Duck Eggs in France


(Doug) #21

I may be missing something, but for me it comes down to two ways. Fried = good stuff. Boiled, though = so slimy it is likely from another world.


(You've tried everything else; why not try bacon?) #22

Nope. Just, nope! :scream: :rofl::rofl: :bacon::bacon:


(Bob M) #23

I’ve had it boiled where it was good, but it has to be cooked perfectly. A minor amount of overcooking, and it’s terrible.

It’s like liver to me: seared on the outside and basically raw inside = great; overcooked = leather.


(Robin) #24

I would join you in a roasted cashew stupor. No control with those. Or macadamias.


(Ronald Weaver) #25

We’re in the west near Nantes… but on the right side of the Loire !.. Well, that’s a sound explanation, I can understand that. Taste funny ? We’re all different aren’t we ?


(Ronald Weaver) #26

The milk I get is straight from the cow. She’s called Hermione. No processing at all.


(Doug) #27

Growing up, we had ducks - originally just a female and male pair. I remember liking duck eggs to eat, but not if they tasted any different than chicken eggs; this was 50 years ago. If anything, duck eggs seem a little creamier - perhaps higher yolk volume versus white, or some textural difference in the yolk itself?


#28

Once I knew a cow (it was the neighbour’s), she was called Orange. Mom called her Orange Flower when she wanted to suck up to her :wink:

Cashew is way too sweet and not crunchy enough for me. But nuts are nice even if they are weirdos growing below an apple and my SO loves them and it’s a vital ingredient for our chocolate so I eat a few per year. Nice when roasted, I just strongly prefer the way cheaper peanuts. And I avoid them as that is the only one I managed to get addicted. Other nuts are fine, I use them in moderation in the right dishes. I don’t even put peanuts into dishes, they go into my mouth directly.
But carnivore helped and I can eat 0 or 0.5g of it now. Almost always. I have wilder times with 20g… Much better than my old and very frequent wilder days with 100+…

And I like my liver well-cooked. I hate raw liver and if it’s pink, it’s raw to me. It’s perfectly tender when brown.

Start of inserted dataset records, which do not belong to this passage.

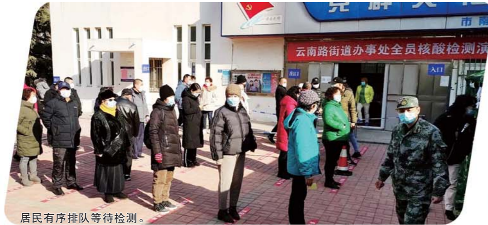
居民有序排队等待检测。
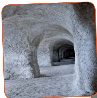
Les Souterrains, Grigny.
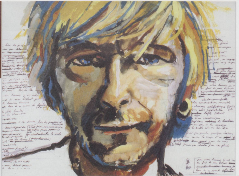
Renaud par Titouan, Chronique illustrée d'un enregistrement, illustrations de Titouan Lamazou, Gallimard Loisirs.

Renaud se trouve être aussi le petit-neveu de Louisa Siefert, poétesse française, née à Lyon en 1845 et morte à Pau en 1877. Arthur Rimbaud avec qui elle a entretenu une correspondance amicale, a dit de ses poèmes : « ... c'est aussi beau que les plaintes d'An-
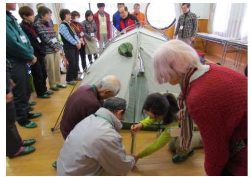
テントもみんなで協力し、立ててみました。

And sadly I can’t be nostalgic about duck eggs as I never ate one. But I fondly remember the rare duck liver from my childhood. That was good stuff. Unlike the soft chicken liver, I ate it by thin slices and cold. It was firm (not hard, it’s liver and fowl at that. as it’s possible to make pork liver hard. not easy but I thought it IS kind of hard, no matter what while I didn’t cook it myself) and very tasty.